The position interacts closely with several departments including the Drug Substance Manufacturing, Project Engineering, Quality, Automation, Validation, and Process Science. 

The Downstream Process Engineering team also covers the daily support to the ongoing downstream production and support to larger projects including our current site expansion projects. However, regardless of individual responsibility, we support each other when needed and we strongly value collaboration and knowledge sharing. You will be part of a team that takes pride in delivering robust services and solutions to our stakeholders. 

 Responsibilities  

• Act as Engineering SME providing support to the tech transfer team activities (Process review, customer interaction etc.) 

• Scoping and implementation of equipment modifications 

• Drive changes including performing risk assessments  

• Support the production and secure reliable and robust operations 

• Provide engineering technical troubleshooting for all purification equipment as required 

• Review validation protocols and support commissioning and validation testing 

• Perform training to ensure the production teams understand equipment functionalities 

• Participation in the engineering on-call program is required on rotational basis 

Skills & knowledge we hope you possess 

• Minimum a Bachelor’s Degree within engineering or similar discipline 

• 5+ years of experience in the areas of GMP manufacturing, engineering or facilities in a pharmaceutical environment 

• Experience working with equipment in a commercial GMP environment is a big advantage 

• Fluent in English both verbal and written 

You’ll thrive in this role if you  

• Enjoy working as part of a team and at the same time are comfortable working independently 

• Are curios and have a strong sense of urgency 

• Are self-driven and proactive 
  
  

Your new team 

In Downstream Process Engineering, we are approximately 25 individuals.  

We are team players, entrepreneurs, and people who both like details and taking greater responsibility beyond our scope of work. The work environment is international and informal. We keep a high pace and focus on a vital life balance while having fun. We put a strong emphasis on psychological safety through trust and empowerment within our teams and hope that this is something that speaks to you as well. 

We look forward to helping you expand your skills in our fast-growing company 

Working at FUJIFILM Diosynth Biotechnologies 

We offer a competitive compensation package in a site/company growing rapidly, with many opportunities for individual growth, we also offer access to fitness and an attractive canteen. 

FUJIFILM Diosynth Biotechnologies is an industry-leading Biologics Contract Development and Manufacturing Organization (CDMO) with locations in Hillerød, Denmark, Teesside, UK, RTP, North Carolina and College Station, Texas, USA. We use our skills, dedication, and ambition to enable impact for the world’s most innovative biotech and biopharma companies reimagining healthcare’s potential.
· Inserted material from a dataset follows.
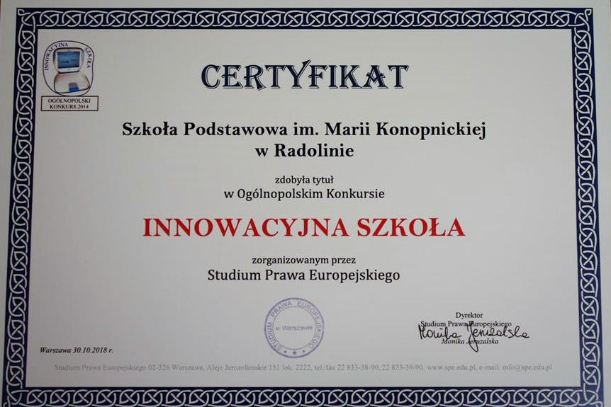 Po wytężonej pracy całej społeczności zdobyliśmy certyfikat „ Innowacyjna szkoła”.

We work across the entire lifecycle of our customers’ products – enabling success throughout. Every cure, vaccine, biologic, and advancement we contribute to starts with our people and our passion. We fuel one another’s passion, help accelerate progress, expand capabilities, strengthen innovation, and improve processes to improve lives. 

Our Manufacturing site in Hillerød, Denmark, brings together a complete range of expertise, capabilities, and technologies to manufacture advanced biologics. As we continue to enhance and expand our capabilities, we are looking for people who share our passion, drive, and energy – what we call Genki – to join our team. 
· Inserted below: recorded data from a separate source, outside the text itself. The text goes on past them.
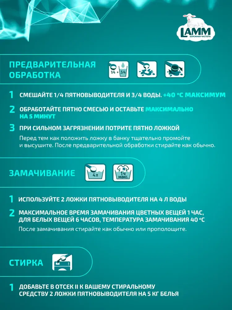 Пятновыводитель для тканей порошкообразный «LAMM»
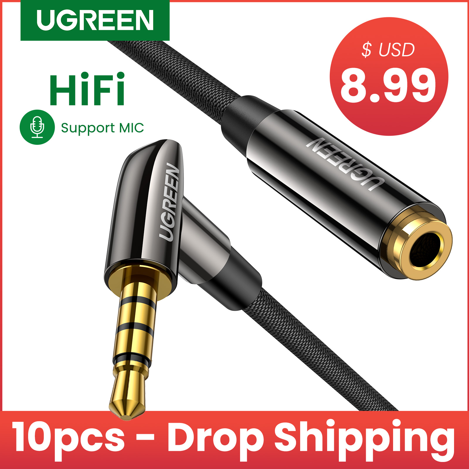4-полюсный Удлинительный кабель 3,5 мм:Удлинительный кабель для наушников UGREEN оснащен 4-полюсным разъемом 3,5 мм и штекером, а также поддерживает функцию микрофона, что позволяет использовать функцию микрофона игровых гарнитур или увеличивает расстояние между внешними 3,5 мм.МикрофонИ ноутбук/настольный компьютер/смартфон. Этот Удлинительный кабель с микрофонным разъемом 3,5 мм идеально подходит для видеозвонков, онлайн-встреч и командных игр.
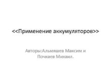 Применение аккумуляторов Авторы Альмяшев Максим и Почкаев Михаил
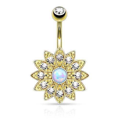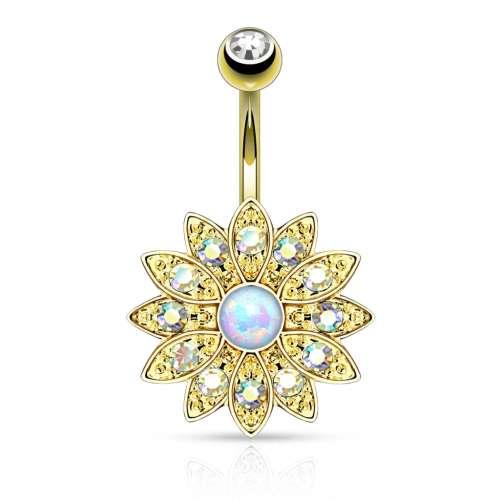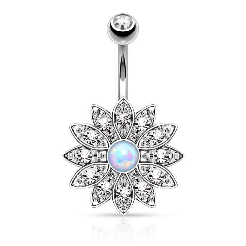 Bauchnabelpiercing Top Down Blume mit Kristallen und Opal

We offer the chance to be part of a global workplace where passion, drive, and commitment are met with opportunities for professional and personal development. Deeply committed to diversity and inclusion, we ensure that everyone no matter their background or gender has an opportunity to develop. We take pride in enriching our communities, caring for our environment, and cultivating a world of opportunity for future generations. 
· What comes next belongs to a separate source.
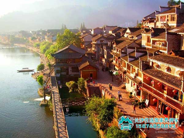 15:30 前往中国最美的小城------【凤凰古城】(自理凤凰接驳车28元/人)是一个艳遇之都,是一个不夜之城,是一个来了不想走的地方,为了你的到来,这座城已等待了千年!万家灯火、夜游沱江、赏沱江两岸烦火澜珊、沉醉其中,街边吃小吃感受特色饮食,酒店小坐体会南方小镇酒吧文化,如此浪漫之夜眨眼即过。沱江】是凤凰县境内的河流,对于游人来说,它就是凤凰古城城墙边的那段河流。沱江的水,碧绿而清澈,两岸是已有百年历史的土家吊脚楼。沱江的南岸是用紫红沙石砌成古城墙,久经沧桑,依然壮观。
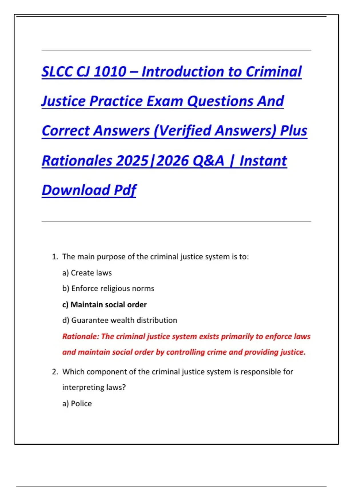 SLCC CJ 1010 – Introduction to Criminal Justice Practice Exam Questions And Correct Answers (Verified Answers) Plus Rationales 2025|2026 Q&A | Instant Download Pdf

We aim to foster a collaborative, innovative and rewarding environment, where diverse perspectives and people come together united by a common purpose and shared values. We pursue our fullest potential as individual contributors and team members. We strive to be the employer of choice and offer a competitive compensation and benefit package. 

FUJIFILM Diosynth Biotechnologies Denmark (FDBD) is an Equal Opportunity Employer. All qualified applicants will receive consideration for employment without regard to race, color, religion, sex, national origin, disability, sexual orientation, gender identify or any other protected class.